Venezuelan businessman given probation in top bribery case

A bribe-paying Venezuelan businessman has been sentenced to five years’ probation in the United States in recognition of his efforts to expose rampant corruption in that country’s judiciary

ByJoshua Goodman Associated Press
May 23, 2022, 11:02 AM

MIAMI -- A bribe-paying Venezuelan businessman whose criminal case implicates a prominent opponent of President Nicolás Maduro was sentenced Monday to five years’ probation in recognition of his efforts to expose rampant corruption in the country’s judiciary.

Assistant U.S. Attorney Michael Berger had sought a reduced sentence of nearly two years imprisonment for Carlos Urbano Fermin in recognition of his “significant assistance.”

But Judge Robert Scola handed down an even lighter sentence, siding with Fermin’s attorneys, who argued he should receive treatment similar to that of a cooperating defendant in another Venezuelan bribery case.

Fermin, in pleading guilty last year, admitted to paying around $1 million in bribes to a “high-ranking prosecutor” in Venezuela as “insurance” against any investigations into his construction company’s extensive dealings with state-run oil giant PDVSA.

The unnamed Venezuelan prosecutor is Venezuela’s former Attorney General Luisa Ortega, The Associated Press reported last year. Ortega has not been charged but previously has said the bribery allegations were a baseless attempt by Maduro’s government to coerce a confession and tarnish her reputation.

“I never dreamed that I would find myself in this situation,” Fermin said in Monday’s sentencing, describing how he was forced to make an impossible choice of paying bribes or having his business of 1,500 employees destroyed or seized.

He also thanked the U.S. government for providing a safe haven that has allowed him to avoid a fate to that of his brother, who has been jailed in Venezuela since 2017 on what he considers trumped-up charges.

“We have become a stronghold to dismantle what is happening in Venezuela,” Urbano Fermin told Judge Scola, who took the unusual step of sealing normally open courtroom proceedings where details of the defendant's cooperation were discussed. “A system that has been damaged and taken hold of by politicians.”

Ortega, a longtime admirer of the late Hugo Chávez, broke with Venezuela’s socialist leadership in 2017 over what she called the country’s descent into dictatorship under Maduro.

For her outspoken views, she was removed as attorney general and promptly fled to neighboring Colombia, where she and a team of exiled prosecutors sharpened their attacks on corruption back home as well as provided evidence to the International Criminal Court of human rights abuses allegedly committed by Maduro’s government.

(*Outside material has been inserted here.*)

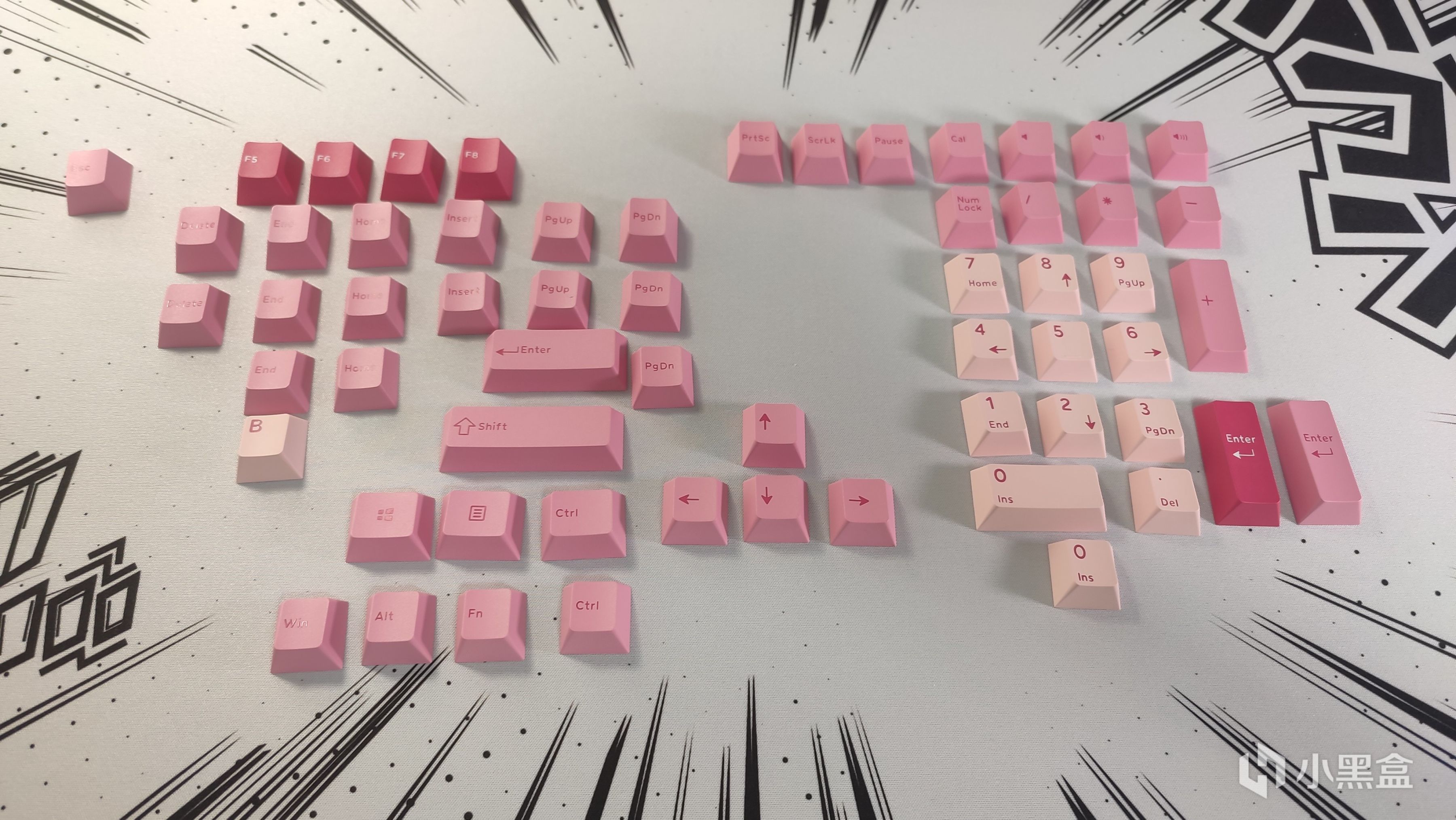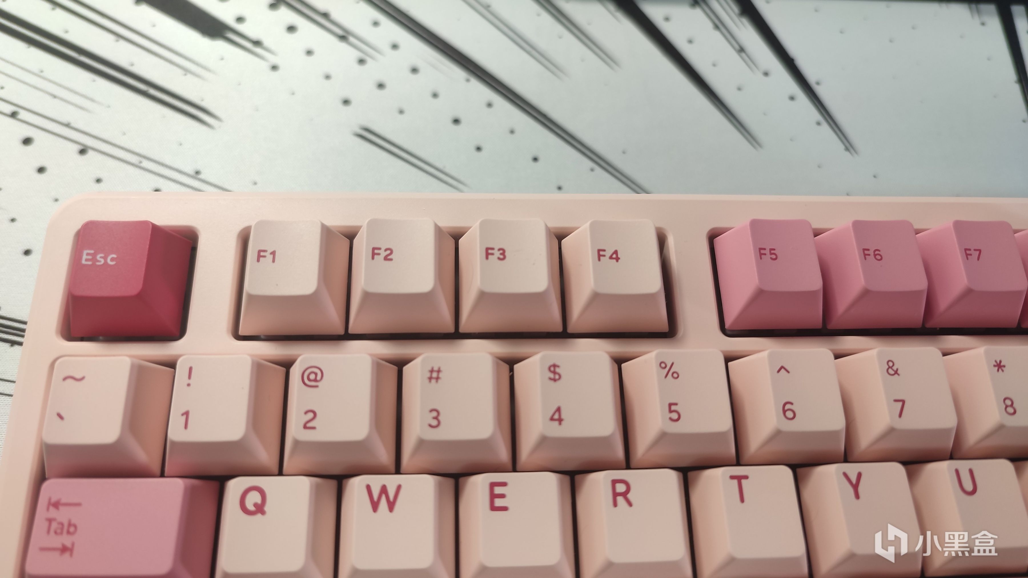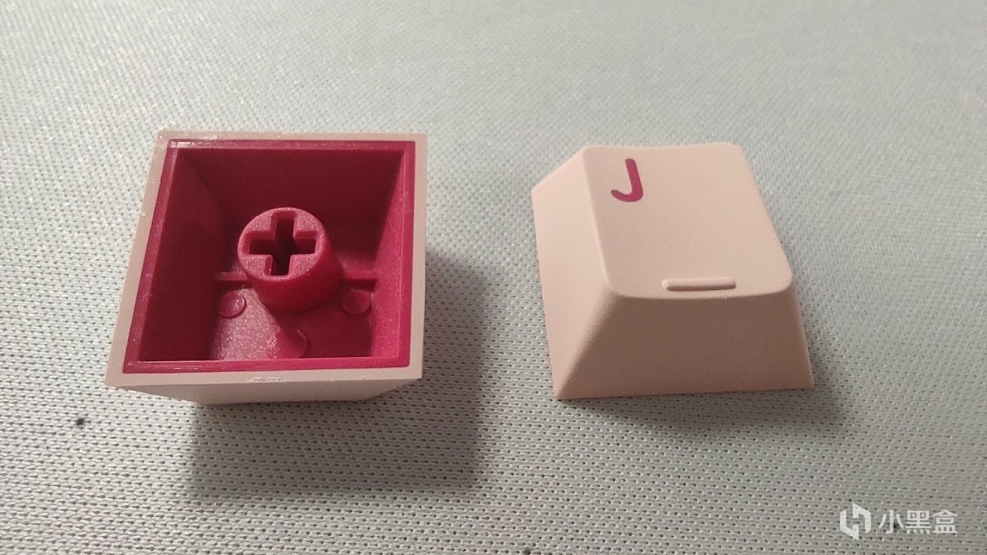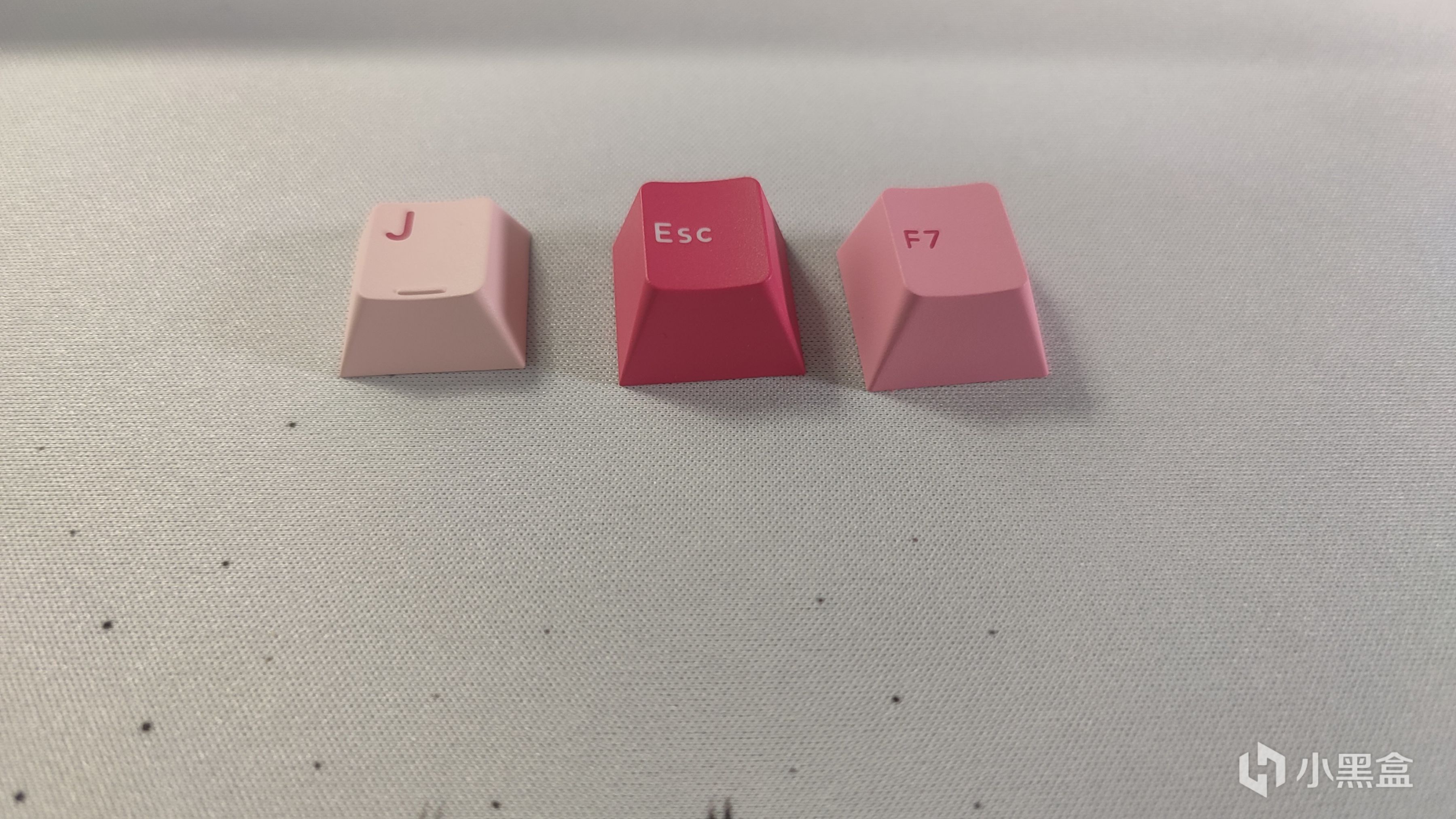 目前三套成品搭载的键帽均为二色键帽,因为其他两套成品版本的键帽我没有这里就不多说,仅讲解本次拿到的芭比粉版本。

Allies of opposition leader Juan Guaidó rallied to her defense, calling her Venezuela’s “legitimate” chief prosecutor and seeking to leverage her defection to build a broader, anti-Maduro coalition.

But she could never fully shake her reputation as a loyalist who served for a decade as the chief judicial enforcer of what Chavez called his Bolivarian revolution.

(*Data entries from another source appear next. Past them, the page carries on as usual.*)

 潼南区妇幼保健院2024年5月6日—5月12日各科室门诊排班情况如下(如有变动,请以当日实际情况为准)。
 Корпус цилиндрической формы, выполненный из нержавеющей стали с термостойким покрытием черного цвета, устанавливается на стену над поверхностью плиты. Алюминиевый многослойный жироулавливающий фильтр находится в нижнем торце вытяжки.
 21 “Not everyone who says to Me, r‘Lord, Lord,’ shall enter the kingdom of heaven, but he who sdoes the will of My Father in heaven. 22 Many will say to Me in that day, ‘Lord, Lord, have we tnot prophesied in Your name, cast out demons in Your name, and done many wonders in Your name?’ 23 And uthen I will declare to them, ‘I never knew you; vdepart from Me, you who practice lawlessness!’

She has since relocated to Spain as the U.S. criminal investigation into corruption inside Venezuela’s judiciary has advanced.

According to a three-page, heavily redacted factual filing accompanying his plea last year, Fermin said that between 2012 and 2016, his companies obtained numerous large contracts from three PDVSA joint ventures with foreign oil companies — among them China National Petroleum Company, Russia’s Rosneft and France’s Total SA.

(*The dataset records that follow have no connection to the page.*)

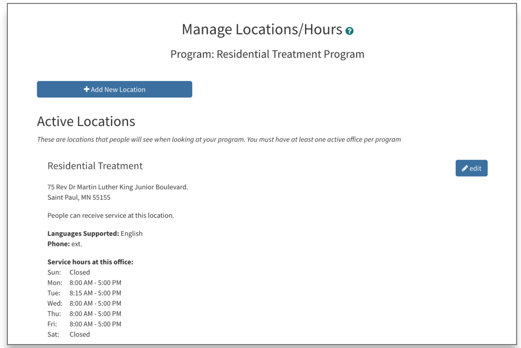 In this section, you can view all office locations associated with your program. To make changes, use the Add New Location button to create a new entry, or click Edit next to an existing location to update its details.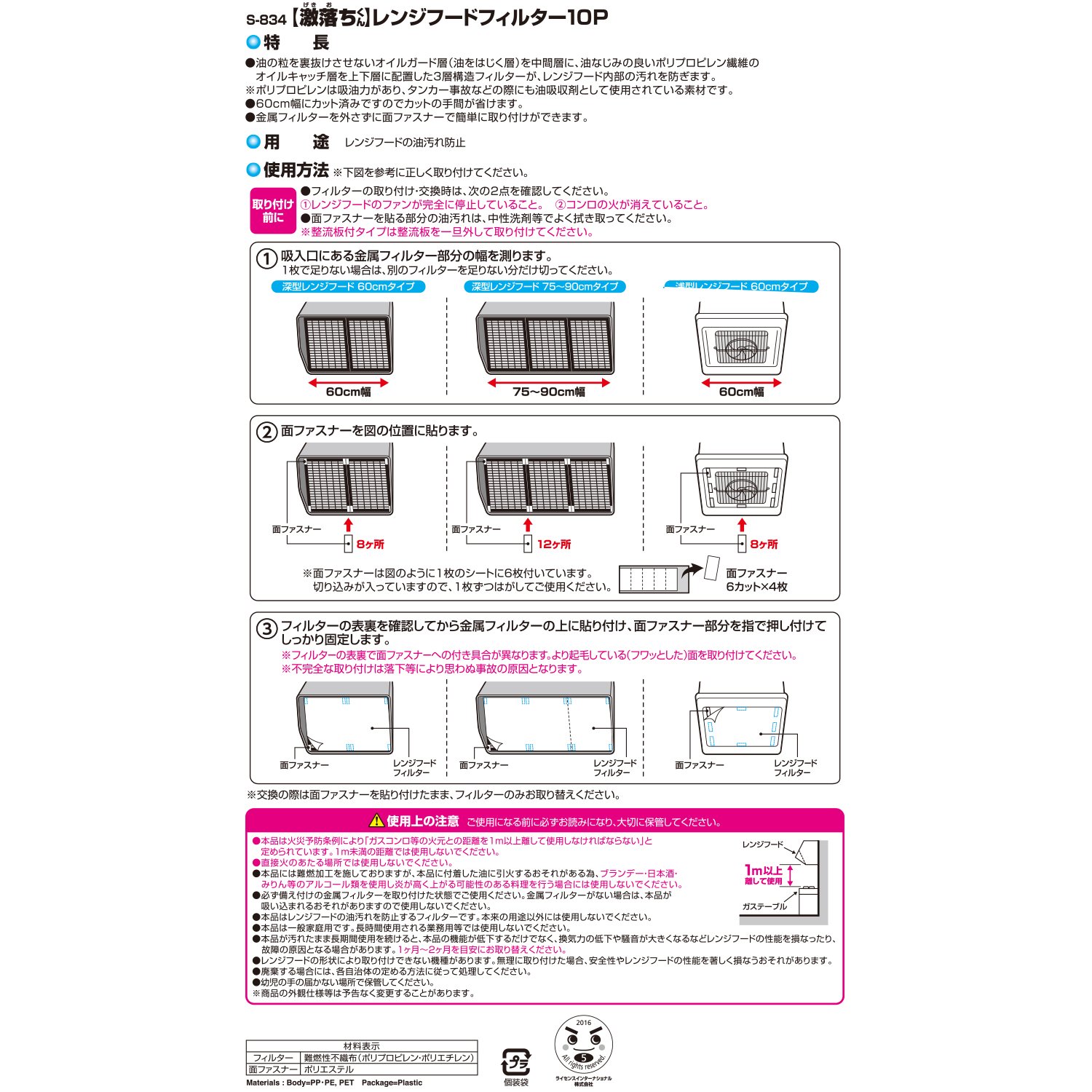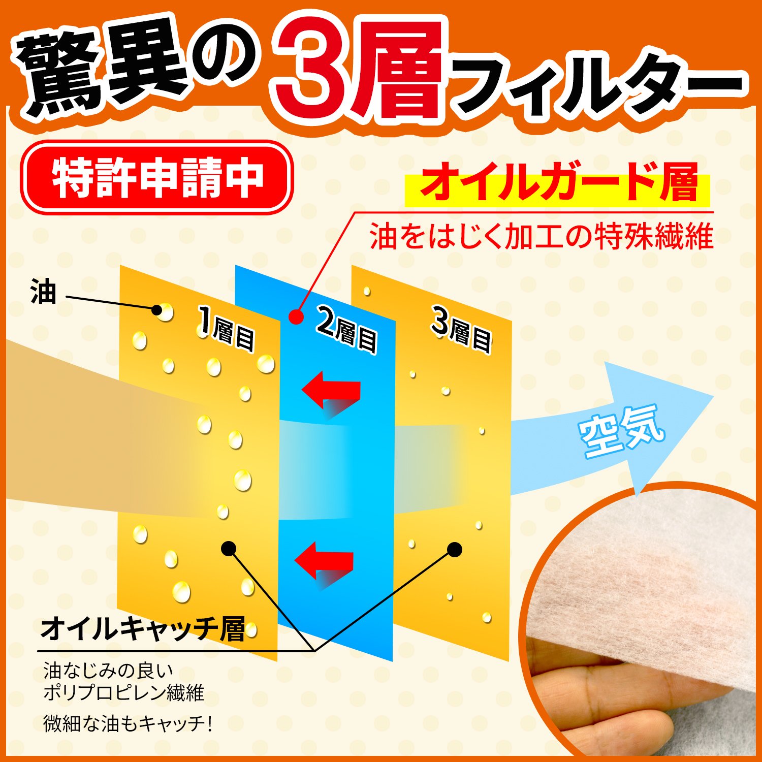 ● Three-layer structure filter in which an oil guard layer (oil repelling layer) that does not allow oil particles to pass through is used as an intermediate layer, and an oil catching layer of oil-friendly polypropylene fiber is disposed on upper and lower layers, soiling of the inside of the range hood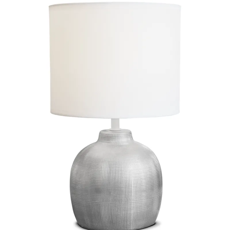 Sessak Evelyn pöytävalaisin on elagantti pöytävalaisin, joka luo tunnelmaa huoneseen kuin huoneeseen. Valaisimen jalka on valmistettu keramiikasta ja siinä on hopeanvärinen pinta. Kangasvarjostin on klassisen sylinterinmuotoinen. Sopii hienosti sisustuselementiksi ja lisävaloksi esim. sivupöydälle tai makuuhuoneeseen.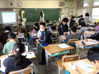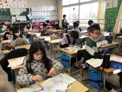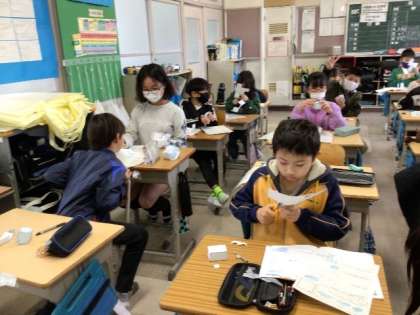 3/12 算数(4年生) 公開日 2024/03/12 更新日 2024/03/12 校長室から 「直方体と立方体」 展開図を使って面と面のつながりについて学習します。 実際に展開図を切って、立方体を作っていました。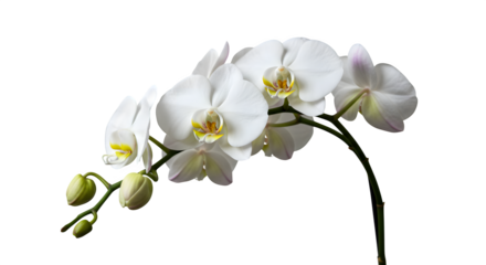 Delicate White Orchid on Black Displays Elegance. Perfect for upscale branding, presentations, or floral art.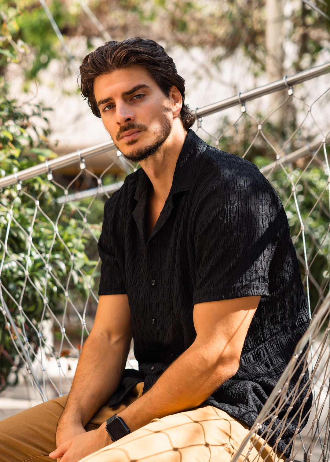 Palm Haven Shirt – Tropical Print Popcorn texture Short Sleeve Button-Up

In early 2017, Ortega’s office had an investigation into the awarding of those contracts. Around the same time, he was approached by a lawyer in Venezuela who was close to the unnamed high-ranking prosecutor with the promise that he could quash any criminal probe, Fermin said.

Describing himself as an “insurance policy,” the intermediary “advised the defendant that he had the ability to prevent criminal charges,” according to the court filing.

Afterward, Fermin said, he wired approximately $1 million from the U.S. to accounts for the benefit of the unnamed Venezuelan official, including a $100,000 payment to a bank in the Miami suburb of Coral Gables.

The Venezuelan government never brought any charges against Fermin’s companies while Ortega was chief prosecutor although her Maduro-appointed successor, Tarek William Saab, did shortly after taking over in 2017, when he charged Fermin and his two brothers.